Simposium Penulis Aceh Akan Digelar di Banda Aceh

BANDA ACEHSamudraNews - Ikatan Penulis Santri Aceh (IPSA) akan mengadakan Simposium Penulis Aceh, Kamis (18 Oktober 2012) di Hotel Madinah, Banda Aceh. Tema simposium ini adalah: “Menyatukan Persepsi Penulis dan Jurnalis Aceh dalam Mewujudkan Peradaban Aceh yang Islami”. Undangan kepada para penulis telah diedarkan sejak seminggu yang lalu. Kami mengundang semua penulis dan jurnalis di Aceh untuk menghadirinya. Target kami bisa dihadiri oleh 150 orang penulis dan jurnalis di Aceh, kata Teuku Zulkhairi, MA, ketua panitia sekaligus inisiator Simposium Penulis Aceh.
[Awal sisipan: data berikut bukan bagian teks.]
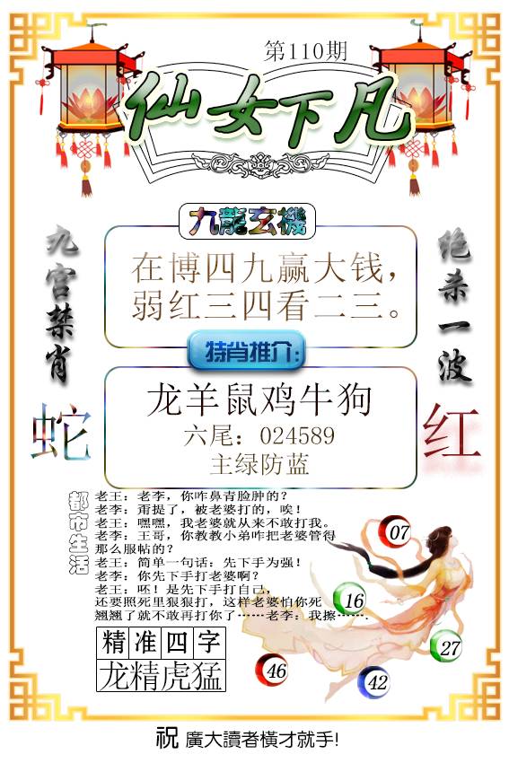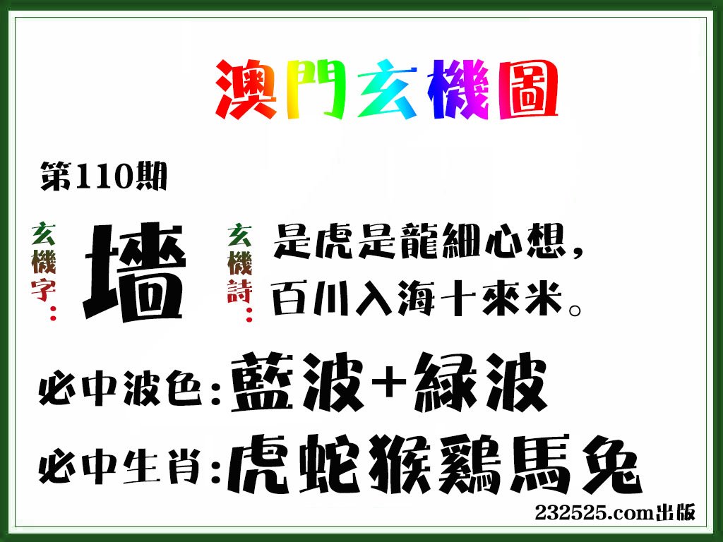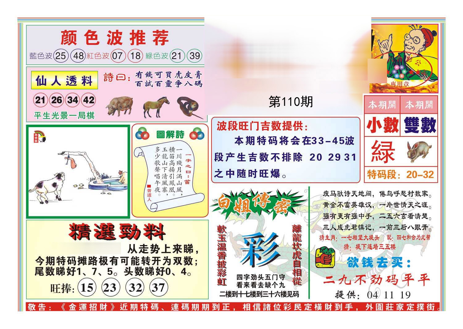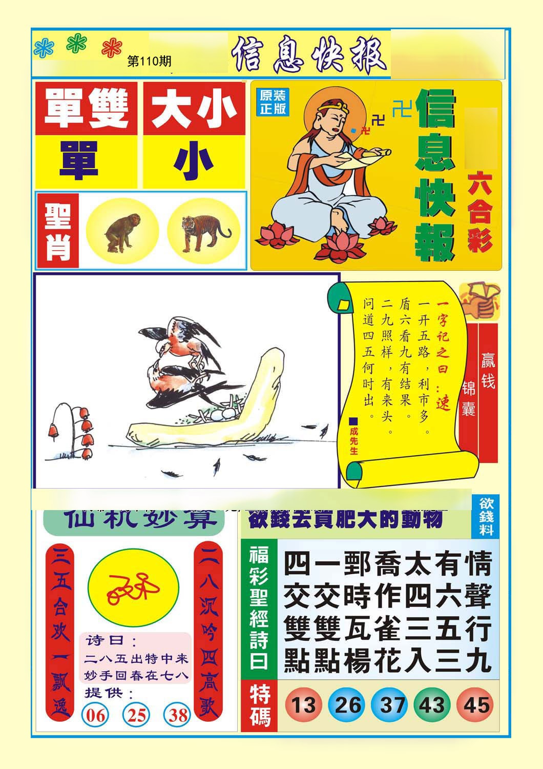 110期必中⑤肖: 蛇马牛猪鸡 |

Dan sebagian besar yang kami undang alhamdulillah telah memastikan hadir. Jika ada penulis dan jurnalis yang belum menerima undangan via cetak atau email, kami mohon konfirmasi ke no kontak Hotline kami di 085277846408. Kata ketua panitia acara sekaligus inisiator Simposium kenapa SuaraAceh.com (Minggu/14/10/2012). TOR simposium bisa didapatkan disini.

Menurut Zulkhairi, untuk kepanitiaan acara ini, kami menggandeng berbagai forum kepenulisan dan organisasi dakwah di Aceh seperti Forum Lingkar Pena(FLP), Ikatan Siswa Kader Dakwah(ISKADA) dan sebagainya. Dengan formasi panitia yang kami bentuk ini, mudah-mudahan kami telah mengawali sebuah hubungan mesra di interal organisasi kepenulisan dan dakwah di Aceh dalam konteks keharusan bersilaturrahmi.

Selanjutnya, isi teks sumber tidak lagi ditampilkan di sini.